WHAT TO PRODUCE -
Only the stretch of the listing below that runs from the line with "Набор сверл-метчиков с" through the line with "小野瀬 須巳さんを姓名の画数から五運を鑑定" is to be printed, exactly and with both ends.

DATA SECTION -

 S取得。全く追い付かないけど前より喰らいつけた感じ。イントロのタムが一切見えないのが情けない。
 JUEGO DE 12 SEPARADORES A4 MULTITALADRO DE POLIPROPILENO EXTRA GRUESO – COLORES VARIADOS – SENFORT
--
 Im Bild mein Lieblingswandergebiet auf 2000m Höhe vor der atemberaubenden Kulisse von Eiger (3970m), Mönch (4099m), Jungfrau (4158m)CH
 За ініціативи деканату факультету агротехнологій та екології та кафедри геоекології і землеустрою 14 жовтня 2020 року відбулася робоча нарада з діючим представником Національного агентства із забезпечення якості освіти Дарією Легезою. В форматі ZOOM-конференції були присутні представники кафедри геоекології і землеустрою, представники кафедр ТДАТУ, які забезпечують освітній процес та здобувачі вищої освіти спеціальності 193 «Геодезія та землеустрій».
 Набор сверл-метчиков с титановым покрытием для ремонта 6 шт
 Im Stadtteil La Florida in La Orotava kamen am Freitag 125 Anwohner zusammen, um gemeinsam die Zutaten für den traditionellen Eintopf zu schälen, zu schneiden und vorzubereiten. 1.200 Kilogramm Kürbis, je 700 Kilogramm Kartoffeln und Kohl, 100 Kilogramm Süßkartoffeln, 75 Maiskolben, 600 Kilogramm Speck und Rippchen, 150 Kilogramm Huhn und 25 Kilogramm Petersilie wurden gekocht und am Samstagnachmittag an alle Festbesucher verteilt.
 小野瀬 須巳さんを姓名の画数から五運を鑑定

EXPECTED ANSWER -
 Набор сверл-метчиков с титановым покрытием для ремонта 6 шт
 Im Stadtteil La Florida in La Orotava kamen am Freitag 125 Anwohner zusammen, um gemeinsam die Zutaten für den traditionellen Eintopf zu schälen, zu schneiden und vorzubereiten. 1.200 Kilogramm Kürbis, je 700 Kilogramm Kartoffeln und Kohl, 100 Kilogramm Süßkartoffeln, 75 Maiskolben, 600 Kilogramm Speck und Rippchen, 150 Kilogramm Huhn und 25 Kilogramm Petersilie wurden gekocht und am Samstagnachmittag an alle Festbesucher verteilt.
 小野瀬 須巳さんを姓名の画数から五運を鑑定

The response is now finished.